Not only is it important to characterize the strata immediately adjacent to the wellbore, but it is also important to characterize the strata extending at some distance orthogonal to the wellbore direction (azimuthal strata data). Depending on the measurement used, the data characterizing the wellbore strata may extend in the near-range regime (inches to feet from the wellbore) or in the mid-range range (feet to tens of feet from the wellbore). In this manner, the drill bit may be directed closer to strata that may contain the extractable resources, a process termed “geosteering.”
It may be recognized that multiple strata may be disposed in the subsurface formation, either radiating laterally from the wellbore, along the line of the wellbore, or a combination thereof. Multiple strata may be separated by discontinuities, or there may be faults within a stratum. Accurate models of the subterranean formation may include not only identifications of each stratum, but the location of the discontinuities separating adjacent strata.
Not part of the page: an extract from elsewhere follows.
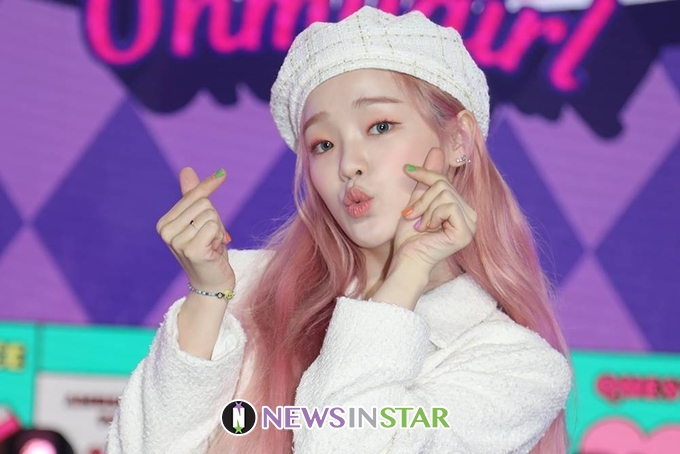 27일 오후 오마이걸(Oh My Girl) 아린, 승희, 지호, 효정, 비니, 유아, 미미의 미니 7집 앨범 ‘N(논스톱)’ 발매 기념 온라인 쇼케이스가 열려 오마이걸 승희가 포즈를 취하고 있다.

Inversion algorithms may be used to model the subterranean formation based on the resistivity or density data measured by the logging tool.
In some aspects, a combination of surface gravimetric measuring with at least one downhole measurement and at least one wellbore reference may be used to provide data for at least one of a local mid-range wellbore feature inversion algorithm, a local mid-range wellbore reservoir feature inversion algorithm, a large reservoir scale model inversion algorithm, or a formation earth model inversion algorithm. In some non-limiting examples, the earth model may include a basin model or a reservoir production model.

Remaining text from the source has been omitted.